= Jaufre Reforzat de Trets =

13th-century French troubadour

Jaufre Reforzat de Trets (Gaufridus Reforciatus; fl. 1213-1237), known as Jaufrezet, was the viscount of Marseille, lord of Trets and Forcalquier, and a man of letters. He was a member of the Baus family, the son of Raymond Geoffrey II of Marseille.

Jaufre was recorded as viscount of Marseille as early as 1213. His father died in 1216 or 1217 and he ruled the patrimony with his younger brother Bergundio d'Agoult. By charter dated 21 June 1217 he granted rights in Allauch to Peter, Bishop of Marseille. In 1228 he became lord of Rocharon and in 1231 castellan of Château-Réal. Jaufre may have been the father of Beatrice, wife of Isnart d'Entrevenas.

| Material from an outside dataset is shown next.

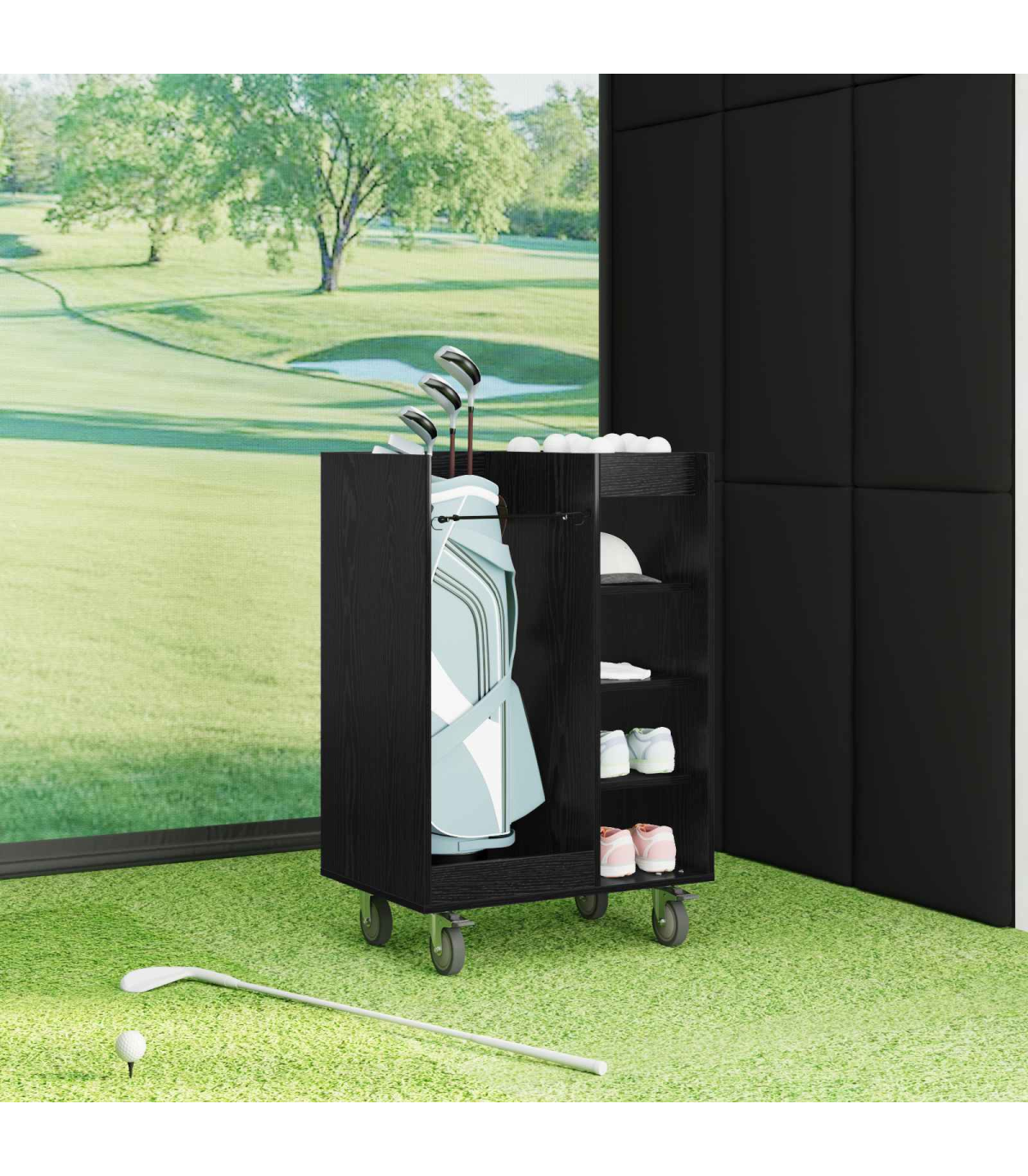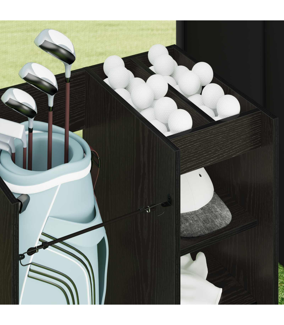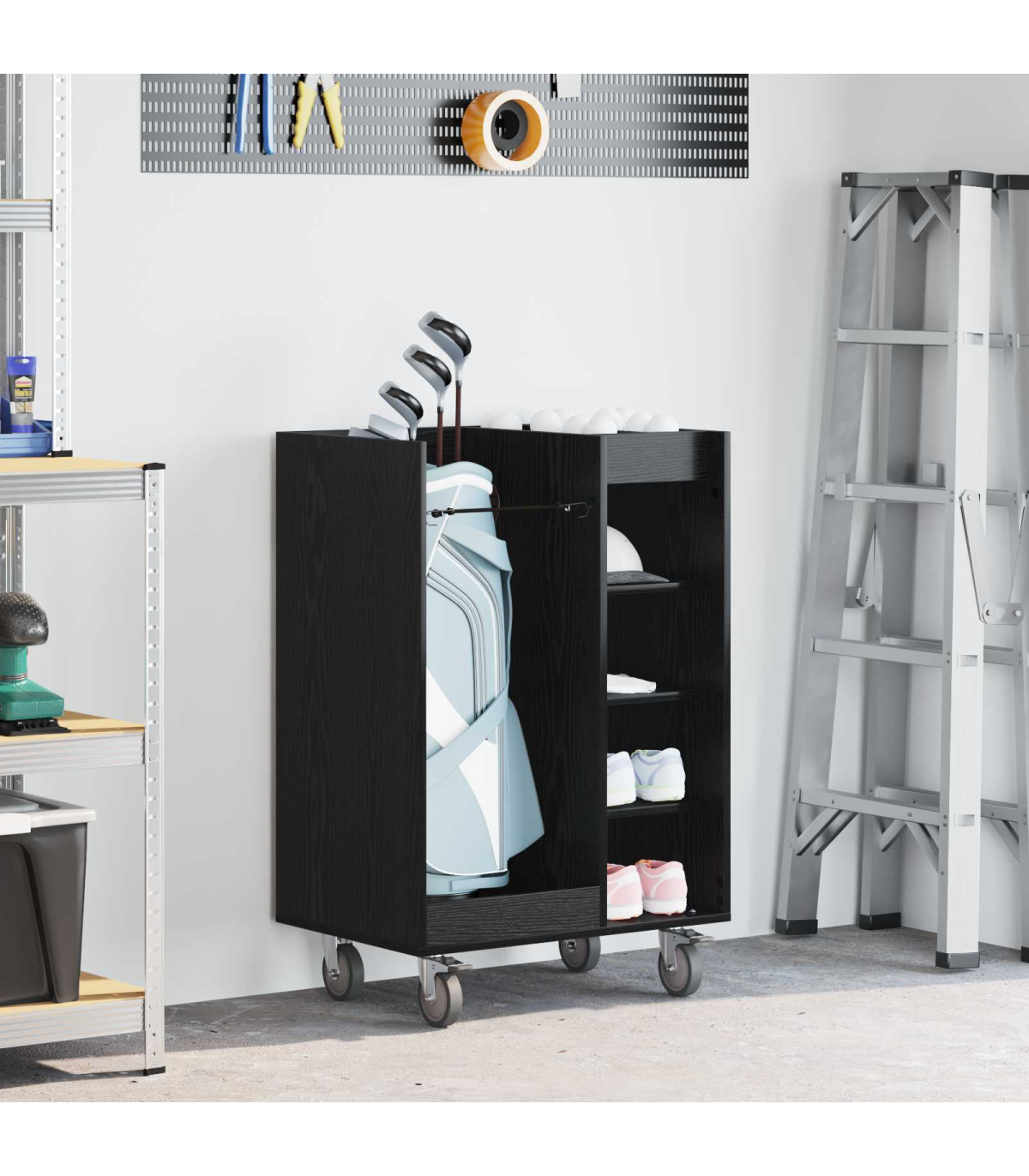 This Wooden Golf Cabinet is a refined choice for those seeking ample storage within a modern aesthetic. Expertly designed for indoor use, it brings a sophisticated touch to any garage or room setting. Sculpted to a simple rectangular shape, this piece boasts a smooth, opaque finish that complements its streamlined silhouette. With its substantial presence, it efficiently stores all your golfing essentials while maintaining a neat exterior, effortlessly blending style and functionality into one cohesive design. Materials: Crafted meticulously from wood, this golf cabinet serves as a robust and elegant storage solution. The natural wood material ensures a lasting presence while adding warmth and character to your interior space. This choice of material is lauded for its durability and sustainability, enhancing both the physical appearance and longevity of the unit. Included Components: Features free-standing shelves crafted from wood, providing reliable support for your belongings. The metal back offers a finished, presentable appearance, allowing for placement in any part of your interior where aesthetics matter. Powder-coated metal frame finishes enrich the cabinet's resilience, promising sturdiness while preventing common issues like . Features /Function /Design: Designed with ample storage capabilities, it encompasses numerous shelving options, perfect for organizing golf accessories and more. The opaque design ensures contents remain discreetly hidden, while its modern style aligns with varied home decors. It's a functional asset for maintaining order and highlighting sophisticated taste. Recommended Uses: Ideal for garages or any indoor space where versatile storage is needed. Whether used for organizing golfing gear or other equipment, it seamlessly integrates into rooms requiring modernist touches. Its utility extends beyond sports, accommodating various household storage needs. Care &Maintenance: To maintain its refined look, use a soft, dry cloth to clean the surface regularly. Avoid exposure to harsh chemicals, ensuring the wood retains its natural luster. Minimal maintenance preserves the cabinet's stylish appearance and structural integrity over time.

Jaufre was deeply connected within the troubadour culture. He wrote a sirventes attacking Guilhem dels Baus, his nominal overlord as King of Arles. He got involved in the poetical disputes and mudslinging between fellow troubadours Sordello and Peire Bremon Ricas Novas and wrote a sirventes attacking both of them. He also wrote a partimen with Elias de Barjols, which is where his nickname "Jaufrezet" is first recorded. He was also the judge of several other partimens: between Blacatz and Guilhem de San Gregori and between Peirol, Guionet and Pomairol.